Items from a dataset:
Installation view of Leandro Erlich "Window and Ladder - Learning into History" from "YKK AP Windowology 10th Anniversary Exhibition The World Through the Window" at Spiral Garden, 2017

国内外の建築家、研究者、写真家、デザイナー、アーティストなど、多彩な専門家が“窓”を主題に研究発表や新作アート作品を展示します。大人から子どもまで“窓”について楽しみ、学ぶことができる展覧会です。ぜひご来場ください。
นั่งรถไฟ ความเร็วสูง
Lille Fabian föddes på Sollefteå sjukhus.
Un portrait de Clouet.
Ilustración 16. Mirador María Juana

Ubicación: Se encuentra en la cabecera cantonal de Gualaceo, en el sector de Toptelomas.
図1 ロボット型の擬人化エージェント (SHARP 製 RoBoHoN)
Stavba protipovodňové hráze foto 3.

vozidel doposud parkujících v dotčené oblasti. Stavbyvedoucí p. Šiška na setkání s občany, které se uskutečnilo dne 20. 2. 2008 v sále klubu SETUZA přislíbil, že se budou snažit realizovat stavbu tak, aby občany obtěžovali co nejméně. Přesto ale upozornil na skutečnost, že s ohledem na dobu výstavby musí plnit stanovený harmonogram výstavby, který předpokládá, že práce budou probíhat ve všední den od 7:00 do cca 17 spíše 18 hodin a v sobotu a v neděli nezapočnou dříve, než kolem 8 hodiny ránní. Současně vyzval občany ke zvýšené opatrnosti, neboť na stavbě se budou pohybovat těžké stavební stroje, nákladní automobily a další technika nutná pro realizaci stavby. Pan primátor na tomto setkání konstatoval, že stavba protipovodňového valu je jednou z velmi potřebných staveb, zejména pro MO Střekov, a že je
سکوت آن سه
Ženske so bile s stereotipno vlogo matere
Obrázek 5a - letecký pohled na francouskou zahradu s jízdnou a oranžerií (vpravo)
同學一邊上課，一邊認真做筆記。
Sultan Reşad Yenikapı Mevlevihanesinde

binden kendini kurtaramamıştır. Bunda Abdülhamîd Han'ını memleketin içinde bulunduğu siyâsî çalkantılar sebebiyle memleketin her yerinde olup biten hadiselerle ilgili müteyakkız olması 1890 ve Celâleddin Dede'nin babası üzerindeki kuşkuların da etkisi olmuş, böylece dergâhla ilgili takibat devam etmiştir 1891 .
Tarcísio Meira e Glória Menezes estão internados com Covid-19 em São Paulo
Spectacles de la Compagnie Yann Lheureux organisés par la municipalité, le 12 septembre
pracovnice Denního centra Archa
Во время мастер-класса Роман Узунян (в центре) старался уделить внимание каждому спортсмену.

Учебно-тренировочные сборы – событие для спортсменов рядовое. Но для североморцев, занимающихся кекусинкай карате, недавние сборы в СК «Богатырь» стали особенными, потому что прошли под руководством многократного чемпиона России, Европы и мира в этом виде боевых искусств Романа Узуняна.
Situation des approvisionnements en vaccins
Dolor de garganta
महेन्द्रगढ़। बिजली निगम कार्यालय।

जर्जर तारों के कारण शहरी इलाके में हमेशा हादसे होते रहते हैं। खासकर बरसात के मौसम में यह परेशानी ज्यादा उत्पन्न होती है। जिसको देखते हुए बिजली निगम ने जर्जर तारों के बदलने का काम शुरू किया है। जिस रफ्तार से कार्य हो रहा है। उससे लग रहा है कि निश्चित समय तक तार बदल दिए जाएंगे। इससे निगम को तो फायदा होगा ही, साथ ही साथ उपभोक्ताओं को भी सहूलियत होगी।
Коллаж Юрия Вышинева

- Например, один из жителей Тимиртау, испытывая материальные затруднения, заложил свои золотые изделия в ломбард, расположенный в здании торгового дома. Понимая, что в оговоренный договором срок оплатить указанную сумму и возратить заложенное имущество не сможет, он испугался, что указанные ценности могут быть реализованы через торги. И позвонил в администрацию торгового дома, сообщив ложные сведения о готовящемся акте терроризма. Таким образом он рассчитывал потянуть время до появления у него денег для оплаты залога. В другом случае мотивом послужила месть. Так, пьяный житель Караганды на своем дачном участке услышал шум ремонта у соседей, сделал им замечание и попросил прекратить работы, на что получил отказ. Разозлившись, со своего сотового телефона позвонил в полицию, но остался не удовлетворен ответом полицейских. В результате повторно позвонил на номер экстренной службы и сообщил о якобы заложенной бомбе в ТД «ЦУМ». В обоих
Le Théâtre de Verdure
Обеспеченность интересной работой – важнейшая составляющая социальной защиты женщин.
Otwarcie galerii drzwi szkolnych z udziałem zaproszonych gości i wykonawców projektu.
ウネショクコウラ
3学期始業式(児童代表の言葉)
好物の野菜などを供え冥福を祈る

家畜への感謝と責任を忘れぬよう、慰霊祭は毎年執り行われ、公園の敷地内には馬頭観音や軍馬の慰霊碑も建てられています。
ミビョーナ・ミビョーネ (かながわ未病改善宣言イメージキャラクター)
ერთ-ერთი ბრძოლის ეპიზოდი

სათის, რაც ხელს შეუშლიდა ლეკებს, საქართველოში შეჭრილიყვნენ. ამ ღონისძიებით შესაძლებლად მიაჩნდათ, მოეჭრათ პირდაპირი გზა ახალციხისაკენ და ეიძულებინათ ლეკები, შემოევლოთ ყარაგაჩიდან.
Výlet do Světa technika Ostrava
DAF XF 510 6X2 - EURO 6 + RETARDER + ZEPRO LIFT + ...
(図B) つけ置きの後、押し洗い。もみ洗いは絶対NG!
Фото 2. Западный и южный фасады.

### Work required
Copy out the records above without altering anything.

### Result of the task
Installation view of Leandro Erlich "Window and Ladder - Learning into History" from "YKK AP Windowology 10th Anniversary Exhibition The World Through the Window" at Spiral Garden, 2017

国内外の建築家、研究者、写真家、デザイナー、アーティストなど、多彩な専門家が“窓”を主題に研究発表や新作アート作品を展示します。大人から子どもまで“窓”について楽しみ、学ぶことができる展覧会です。ぜひご来場ください。
นั่งรถไฟ ความเร็วสูง
Lille Fabian föddes på Sollefteå sjukhus.
Un portrait de Clouet.
Ilustración 16. Mirador María Juana

Ubicación: Se encuentra en la cabecera cantonal de Gualaceo, en el sector de Toptelomas.
図1 ロボット型の擬人化エージェント (SHARP 製 RoBoHoN)
Stavba protipovodňové hráze foto 3.

vozidel doposud parkujících v dotčené oblasti. Stavbyvedoucí p. Šiška na setkání s občany, které se uskutečnilo dne 20. 2. 2008 v sále klubu SETUZA přislíbil, že se budou snažit realizovat stavbu tak, aby občany obtěžovali co nejméně. Přesto ale upozornil na skutečnost, že s ohledem na dobu výstavby musí plnit stanovený harmonogram výstavby, který předpokládá, že práce budou probíhat ve všední den od 7:00 do cca 17 spíše 18 hodin a v sobotu a v neděli nezapočnou dříve, než kolem 8 hodiny ránní. Současně vyzval občany ke zvýšené opatrnosti, neboť na stavbě se budou pohybovat těžké stavební stroje, nákladní automobily a další technika nutná pro realizaci stavby. Pan primátor na tomto setkání konstatoval, že stavba protipovodňového valu je jednou z velmi potřebných staveb, zejména pro MO Střekov, a že je
سکوت آن سه
Ženske so bile s stereotipno vlogo matere
Obrázek 5a - letecký pohled na francouskou zahradu s jízdnou a oranžerií (vpravo)
同學一邊上課，一邊認真做筆記。
Sultan Reşad Yenikapı Mevlevihanesinde

binden kendini kurtaramamıştır. Bunda Abdülhamîd Han'ını memleketin içinde bulunduğu siyâsî çalkantılar sebebiyle memleketin her yerinde olup biten hadiselerle ilgili müteyakkız olması 1890 ve Celâleddin Dede'nin babası üzerindeki kuşkuların da etkisi olmuş, böylece dergâhla ilgili takibat devam etmiştir 1891 .
Tarcísio Meira e Glória Menezes estão internados com Covid-19 em São Paulo
Spectacles de la Compagnie Yann Lheureux organisés par la municipalité, le 12 septembre
pracovnice Denního centra Archa
Во время мастер-класса Роман Узунян (в центре) старался уделить внимание каждому спортсмену.

Учебно-тренировочные сборы – событие для спортсменов рядовое. Но для североморцев, занимающихся кекусинкай карате, недавние сборы в СК «Богатырь» стали особенными, потому что прошли под руководством многократного чемпиона России, Европы и мира в этом виде боевых искусств Романа Узуняна.
Situation des approvisionnements en vaccins
Dolor de garganta
महेन्द्रगढ़। बिजली निगम कार्यालय।

जर्जर तारों के कारण शहरी इलाके में हमेशा हादसे होते रहते हैं। खासकर बरसात के मौसम में यह परेशानी ज्यादा उत्पन्न होती है। जिसको देखते हुए बिजली निगम ने जर्जर तारों के बदलने का काम शुरू किया है। जिस रफ्तार से कार्य हो रहा है। उससे लग रहा है कि निश्चित समय तक तार बदल दिए जाएंगे। इससे निगम को तो फायदा होगा ही, साथ ही साथ उपभोक्ताओं को भी सहूलियत होगी।
Коллаж Юрия Вышинева

- Например, один из жителей Тимиртау, испытывая материальные затруднения, заложил свои золотые изделия в ломбард, расположенный в здании торгового дома. Понимая, что в оговоренный договором срок оплатить указанную сумму и возратить заложенное имущество не сможет, он испугался, что указанные ценности могут быть реализованы через торги. И позвонил в администрацию торгового дома, сообщив ложные сведения о готовящемся акте терроризма. Таким образом он рассчитывал потянуть время до появления у него денег для оплаты залога. В другом случае мотивом послужила месть. Так, пьяный житель Караганды на своем дачном участке услышал шум ремонта у соседей, сделал им замечание и попросил прекратить работы, на что получил отказ. Разозлившись, со своего сотового телефона позвонил в полицию, но остался не удовлетворен ответом полицейских. В результате повторно позвонил на номер экстренной службы и сообщил о якобы заложенной бомбе в ТД «ЦУМ». В обоих
Le Théâtre de Verdure
Обеспеченность интересной работой – важнейшая составляющая социальной защиты женщин.
Otwarcie galerii drzwi szkolnych z udziałem zaproszonych gości i wykonawców projektu.
ウネショクコウラ
3学期始業式(児童代表の言葉)
好物の野菜などを供え冥福を祈る

家畜への感謝と責任を忘れぬよう、慰霊祭は毎年執り行われ、公園の敷地内には馬頭観音や軍馬の慰霊碑も建てられています。
ミビョーナ・ミビョーネ (かながわ未病改善宣言イメージキャラクター)
ერთ-ერთი ბრძოლის ეპიზოდი

სათის, რაც ხელს შეუშლიდა ლეკებს, საქართველოში შეჭრილიყვნენ. ამ ღონისძიებით შესაძლებლად მიაჩნდათ, მოეჭრათ პირდაპირი გზა ახალციხისაკენ და ეიძულებინათ ლეკები, შემოევლოთ ყარაგაჩიდან.
Výlet do Světa technika Ostrava
DAF XF 510 6X2 - EURO 6 + RETARDER + ZEPRO LIFT + ...
(図B) つけ置きの後、押し洗い。もみ洗いは絶対NG!
Фото 2. Западный и южный фасады.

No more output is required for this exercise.